Hi everyone. I am working on a finance problem. I have a time-series for each stock that tells me how much of it I should buy or sell on any given day. The problem is that the signal is noisy and if I react to the noise, I am getting punished by the brokerage commissions without any perceptible reward. It seems like I need something to tell me whether the signal has really changed (and if so, then by how much). Then I can make an intelligent decision on whether I should adjust my portfolio, and if the expected reward exceeds the transaction costs.
In the Bayesian context, I see multiple references to this 2007 paper by Adams and MacKay, in which they model the “run length” of a time-series regime. The paper is elegantly summarized in this blog post, as well as this talk, which also proposes a computationally efficient way to calculate the most likely path through the time-series regimes. I believe the speaker is referencing this GitHub, authored by the aforementioned blogger that contains a numpy/scipy implementation of the Adams / MacKay algorithm.
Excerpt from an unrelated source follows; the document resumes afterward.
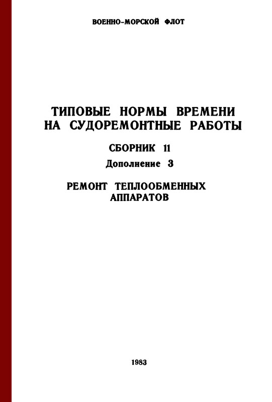 Типовые нормы времени на судоремонтные работы (сборник II, дополнение 3, "Ремонт теплообменных аппаратов") прошли апробацию в производственных условиях на судоремонтных предприятиях, согласованы с отраслевым ЦК профсоюза 1 августа 1983 г., (протокол № 16) и утверждены 30 августа 1983 г.

Anyway, I don’t have a strong quantitative background, so it is hard for me to understand the basic theoretical underpinnings, let alone to implement the code in PyMC3. However, I thought that online changepoint detection must be a frequent enough use case that perhaps others, who are more versed in Bayesian statistics, would be interested in taking a look and weighing in on what the PyMC3 framework would look like. I also thought that for my specific problem I can start with a simpler solution, like GP smoothing. At this point, I feel that any advice from you guys would be super helpful. Thanks!